By Jessica Donati and Daniel Fineren/Reuters

Satellite signals on position, course and speed are typically sent from onboard navigation systems with no human input. Others, like arrival time, are input by crew.

Peter Blackhurst, head of maritime security at Inmarsat, which provides satellite communication services, said a ship could get its Global Positioning System (GPS) to give false data, including pretending to be another vessel.

“That equipment is programmable one way or another,” he said, adding that he had come across data manipulation by ships involved in illegal fishing or waste dumping.

Syrian-owned Lady Rasha’s satellite track first mixed up with the Iranian-owned oil tanker Millionaire on October 20, when the tanker began transmitting the same signal as the cargo ship.

Lady Rasha was then docked in Benghazi, Libya.
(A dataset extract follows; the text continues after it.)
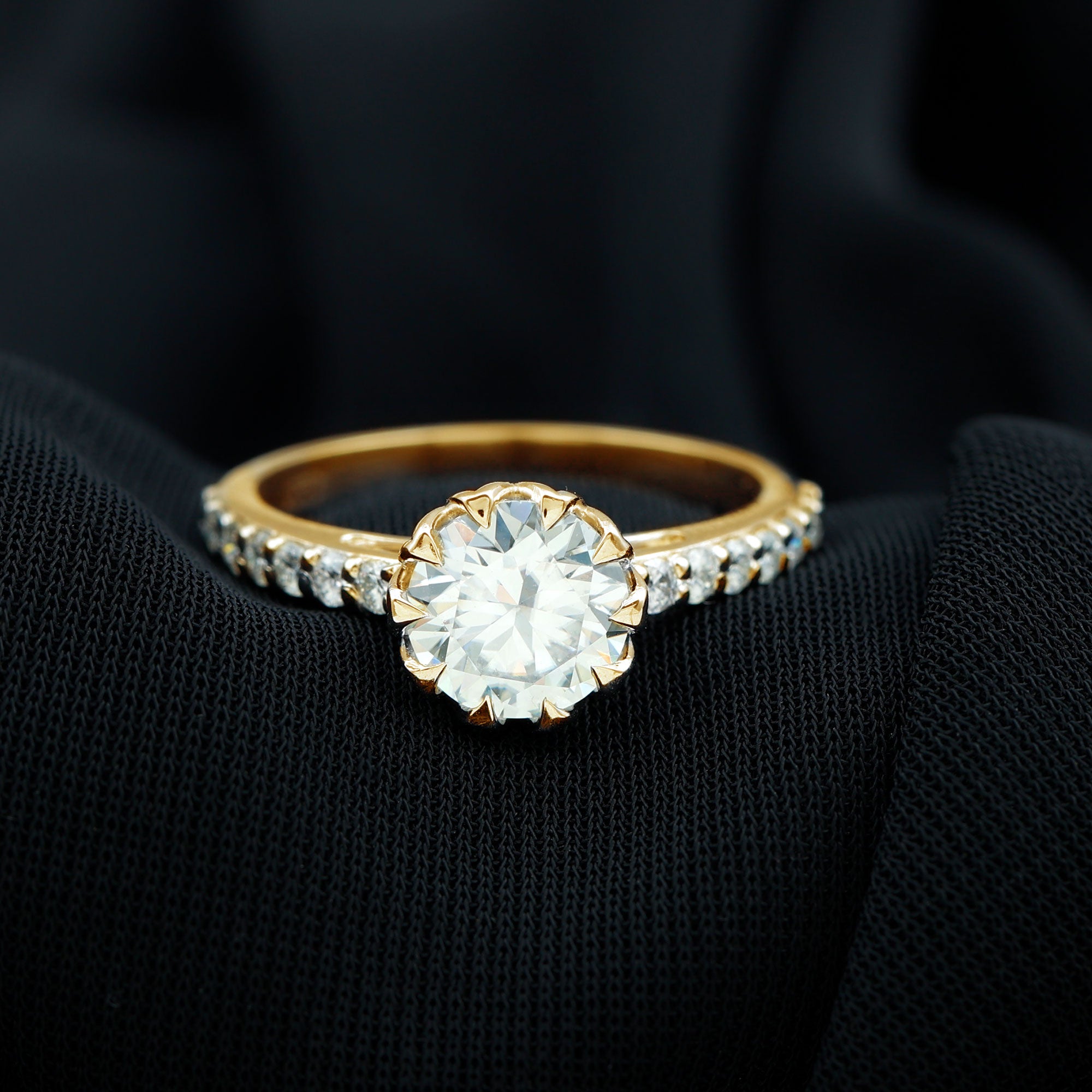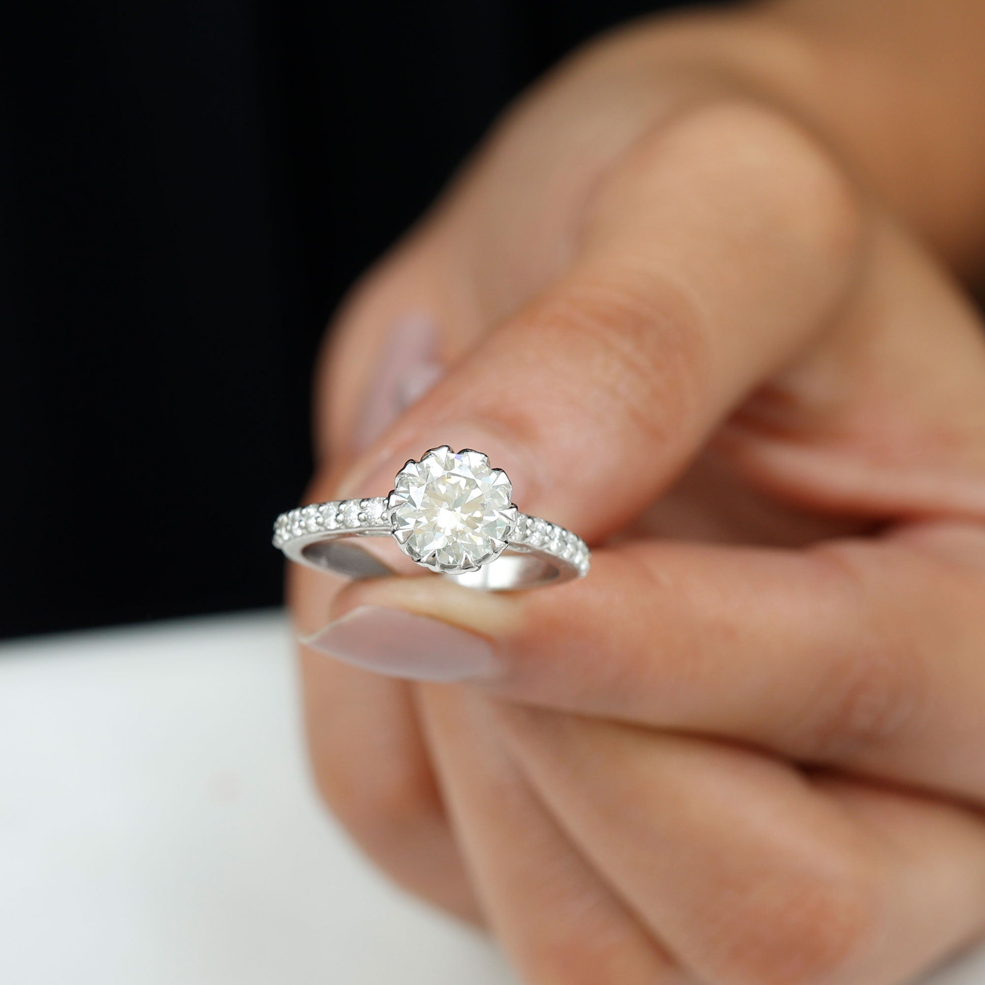 Lotus Basket Set Moissanite Engagement Ring with Certificate
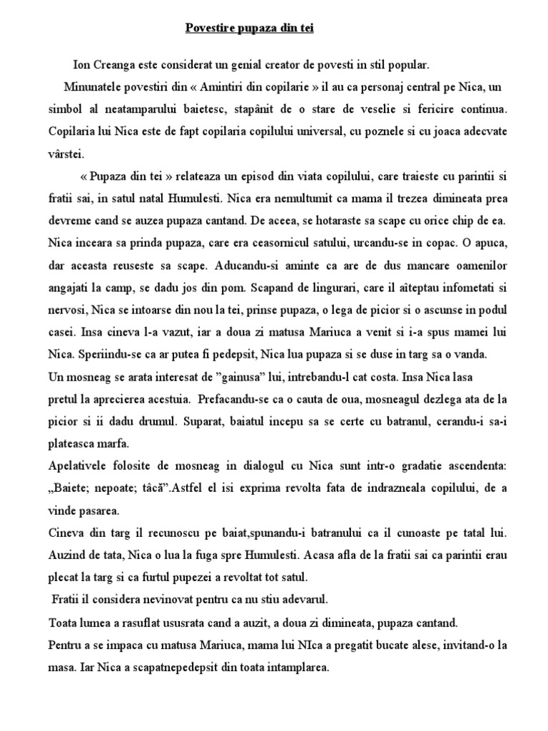 Deoarece sunt esențiale pentru funcționarea funcționalităților de bază ale site ului. Două rezumate scurte la povestirea pupăza din tei scrisă de scriitorul roman ion creangă și inclusă in capitolul 2 al volumului amintiri din copilărie. 2 rezumate la celebra poveste pupăza din tei în care este vorba despre nică care supărat că este trezit devreme de mama lui îi pune gând rău pupezei care cânta în fiecare dimineață ca un cuc deșteptător. Pupaza din tei mă trezește mama într o dimineață din somn cu vai nevoie zicându mi.

The Millionaire tanker was sailing in the Indian Ocean.

To do this, the Millionaire changed its MMSI, a message that contains both location and identity data, from 572450210 to match the Lady Rasha’s number: 677030700.

Although the Lady Rasha sent signals during its journey across the eastern Mediterranean, its identity was overwritten by the Iranian ship, which was also sending position signals of its own from the Indian Ocean.

As a result, the Millionaire appears to be undertaking two parallel journeys thousands of miles apart, while the Lady Rasha’s track is not plotted.

On one track the Millionaire can been seen sailing the Lady Rasha’s course in the Mediterranean, and on the other it is powering though the Indian Ocean from east Asia back to Iran.

However, another piece of identification data, the IMO, can’t be changed, and that, too, is sent with every message on position, which enabled vessel-tracking experts to detect that signals came from two different ships.